ネタバレしてはいけないという空気が、ネタバレするような情報があるはず(なのに見つからなかった)と思わせて、それが「分からない」という評価の一因になったのではないでしょうか。
そう思った人は考察記事を読んだりするんだと思います。比喩とか裏の意味とか元ネタとか。でもそれまだ早くないですか?そういうのも好きだけど2周目以降のやり込み要素であってゴシップ的な楽しみ方であって。某ラジオで以前、伏線回収大嫌いって言ってましたが、それに通ずるものがあると思います。

何が面白かったのか

難解だと思わせた別の理由は、ファンタジー世界の支離滅裂さ、もう一つは主人公と夏子の感情の読み取りにくさ、じゃないかなと思います。支離滅裂な展開を楽しめばいいし、楽しめたのが良かったのだと思います。母と子の仕掛けだけ把握できればあとはよくて、大叔父も単に不思議の国の王様でしかないわけです。
主人公と夏子は、特に日常パートで無表情に見えました。本音を言わない、言えない、分かり合えない状態。
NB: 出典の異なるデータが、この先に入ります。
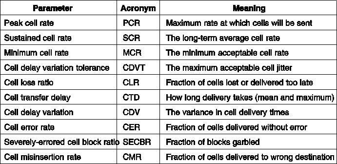 To make it possible to have concrete traffic contracts, the ATM standard defines a number of QoS (Quality of Service) parameters whose values the customer and carrier can negotiate. The most important ones are the following: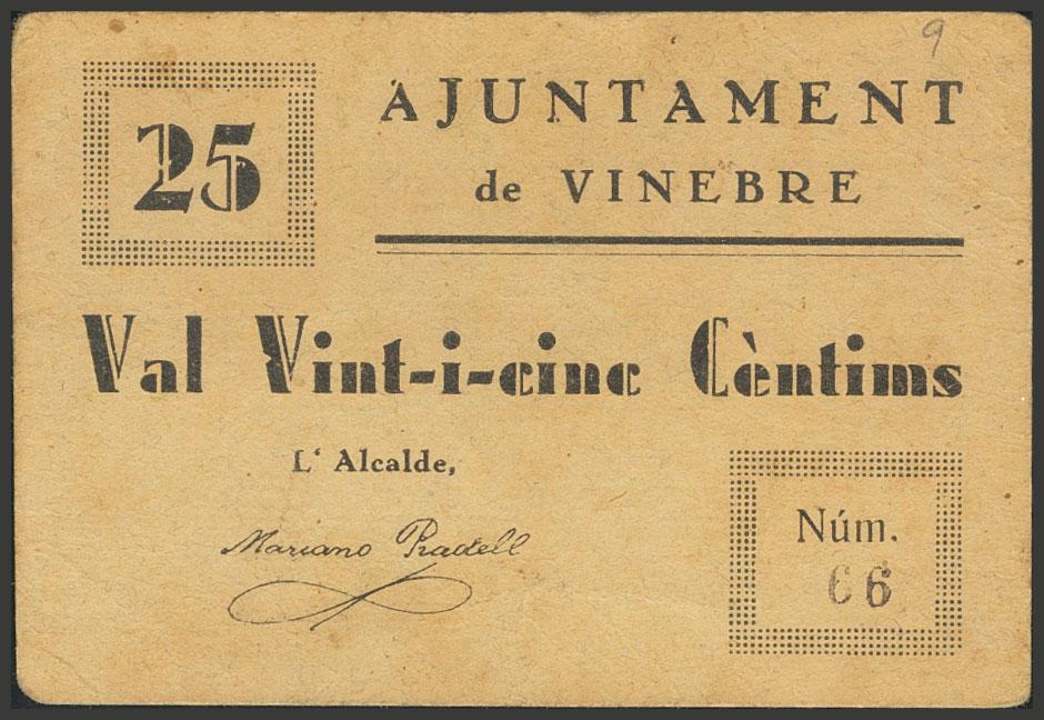 VINEBRE (TARRAGONA). 25 Céntimos. (1937ca). (González: 10917). Raro. EBC.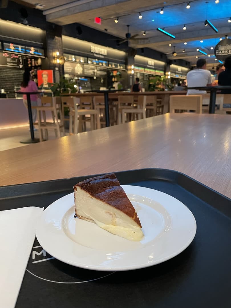 Après un choix un peu difficile, on a opté pour un jerk chicken du stand de cuisine jamaïcaine (bien moins emballant que celui que j’avais mangé à Orlando), puis pour le cheesecake basque de LUR (resto espagnol) qui par contre était tout simplement dingue (peut-être bien le meilleur cheesecake que j’ai mangé à ce jour, car j’en bave encore plus d’un an après en écrivant ces quelques lignes…).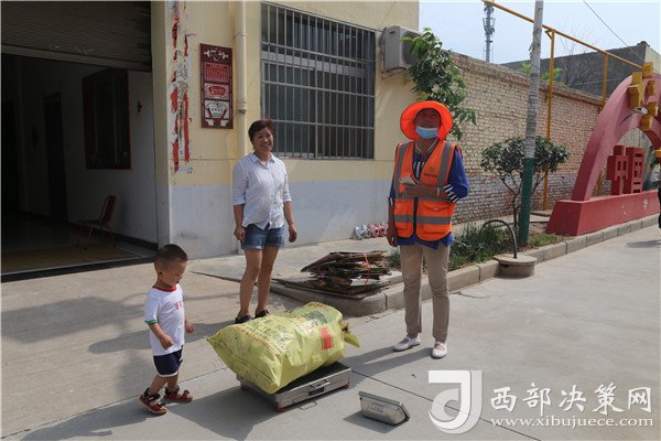 環(huán)衛(wèi)工人吳金玲對可回收利用垃圾進行稱重

主人公が心を開かないから夏子も頑なである。夏子はやがて病に伏せ、さらには塔に向かいます。夏子の激しい感情がようやく見えるのは主人公に「大嫌い」と叫んだとき。そこで初めて夏子がどれほどの感情を抱えていたのか、主人公も気づくことになる。ここで主人公の「どう生きるか」が変わったんだと解釈しています。
爆笑問題の太田さんが晩年の父との思い出を語っていたのを思い起こしました。太田さんは父から「光くんに嫌われてるのかと思ってたよ」と言われてはっとしたそうです。ずっと不愛想にはしていたがそんなことまで思わせているとは気づかなかったと。どれほどの思いを抱えているのか正しく推測するのは、思っているよりはるかに難しい。
というのがありつつ、絵がきれいだったり、緊迫した場面で手塚漫画みたいにコミカルなキャラクターが出てきたり、個々のシーンがよかったのが一番の面白さの理由かもしれません。

おわりに

やはり説明しようとして振り返ってみるうちに本当に面白かったのか確信が持てなくなっていくという罠。書き残しておいてたぶん正解だったということになりそうです。